その隣の店は「よかろう六本木店」。こちらはまたどこかで
再開したい旨が書かれてある。

その隣が「三州屋」である。





白い大きなのれんをかき分けて店内に入ると、客同士が向かい合わせになるような2つの直線カウンターが店の中央を貫いている。
その直線カウンターに仕切られるように、右には20数席のテーブル席、左には15人分ほどの小上がりの座敷席と両側に展開。

お通しは小鉢にたっぷりのシラスおろし。
三州屋の共通のメニューは「とり豆腐」。鶏の水炊きを丼鉢に盛ったもの。
メニューは極太の焼きたらこ。
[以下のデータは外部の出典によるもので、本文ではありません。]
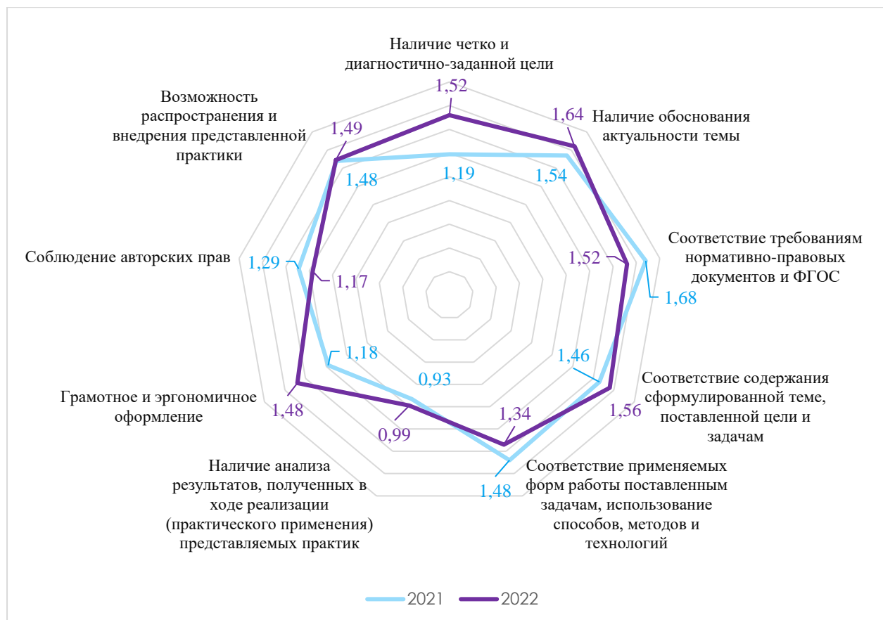
Диаграмма 6. Средние значения баллов по результатам оценки экспертной группы в сравнении с 2021 годом

Аналогично анализу протоколов Фестиваля в 2021 году, члены экспертной группы при оценке практик в 2022 году отмечали нечеткое формулирование цели. Но, если в 2021 году только в 30 % представленных работ цель сформулирована конкретна и диагностично задана, то в текущем году такое количество увеличилось до 57 %. Увеличение показателя обосновано в том числе за счет проводимых перед организацией Фестиваля мероприятий.

どじょうの丸煮など、どれも500、600円で済ませられる。

生玉子は無料なので、ご飯をもらって最後は玉子かけご飯でシメるというのが通の定番。



さて。
「全国居酒屋紀行」などを著している呑んべえのカリスマ・太田和彦氏の弁によれば、
「世の中の変化の速度が人間の限界点を超えつつあって、その変化に疲れた心身を浄化
 させる場という役割を居酒屋が果たしている」という。

この店のカウンターには足元に仕切り板がなかったので、うっかりすると反対側に座っていた
人の足を蹴ってしまい、お互いが会釈し、謝ることもよくあったという。
人にぶつかっても、靴を踏んでも何も言わない人が増えた今、
最も尊く、最も微笑ましい光景がこの居酒屋には残されていた。


女将は店を閉めて驚いたことがある。
こんなに店の再開を待ち望んでいる人がいるのか、と。
ありがたい一方で、「場所がない」ともつぶやく。
お客さんの声が消えない限り、またどこかで開くだろう。いやきっと開いて欲しい。
「そのときはお知らせします」という言葉が頼もしく聞こえた。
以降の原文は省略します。